Why do I have to renew my Publisher ID/Administrator ID?
Publisher IDs and Administrator IDs expire after 12 months. Symantec uses a proven, robust process to authenticate and verify organizations prior to issuing Class 3 certificates such as code signing. The annual renewal process ensures that the Publisher ID is used by a legitimate organization and the contact is authorized to develop for that organization. This is a necessary process prior to issuing code signing certificates including Publisher IDs to you.
Is there a way to script the process of Code Signing with the Code Signing Portal?
Symantec offers APIs for both Publisher and Provider accounts for use with Symantec’s Code Signing Portal. You can request these API Guides from your local account representative or from our support team.
How long does a digital signature last?
The Symantec Code Signing Portal signs code with 10-year digital signatures. Even if the Publisher ID expires, the unique Content ID and digital signature retain their validity.
Can I access my Code Signing Portal on different computers?
You can access your Code Signing Portal on any computer using a USB token containing your Publisher ID as long as that computer meets the minimum system requirements. However, you must buy and retrieve your Publisher ID from the same computer. If you have problems with retrieval, confirm that you are using the same computer, browser, and log-in profile used to enroll. Symantec recommends that developers purchase additional Publisher IDs rather than sharing certificates for better security and management.
How does someone know they can trust my digital signature?

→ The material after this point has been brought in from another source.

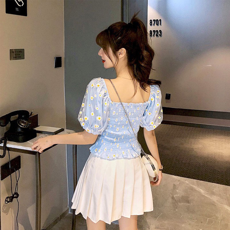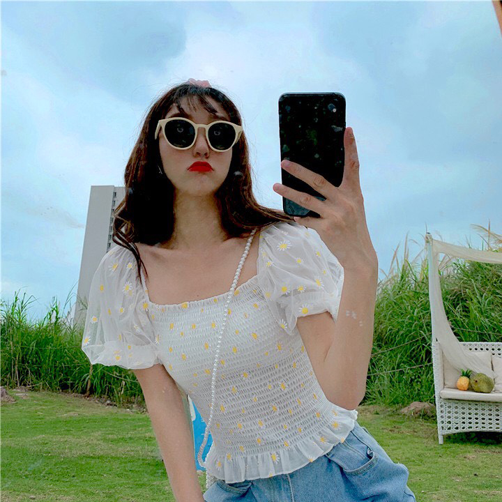 - Áo kiểu crotop phần thân áo bo chun co giãn, tay phồng mix chất voan lưới siêu xịn xò. Áo với họa tiết cúc họa mi xinh xắn đang được lòng phái đẹp. Sắm ngay một chiếc về đi dạo, cà phê với bạn bè hay du lịch sống ảo đều xinh lung linh ạ!

Simply signing your code ensures that it has not been tampered with and that it comes from you, but does not verify who you are. A third-party CA is more trusted than a self-signed certificate because the certificate requestor had to go through a vetting or authentication process. When software platforms and applications verify a digital signature, they access a “root” certificate to determine whether or not to trust the CA that issued the certificate. Because Symantec root certificates come preinstalled on most devices and embedded in most applications, digital signatures from Symantec are almost always trusted, reducing warnings and error messages.
What if I lose my USB token or Publisher ID or it becomes compromised?
A USB token with a Publisher ID or a token password cannot be replaced if it is lost or stolen because you do not want anyone to find it and use it to sign code in your name. If your private key is lost or compromised or if your information changes, you should revoke your Publisher ID immediately and replace it with a new digital certificate.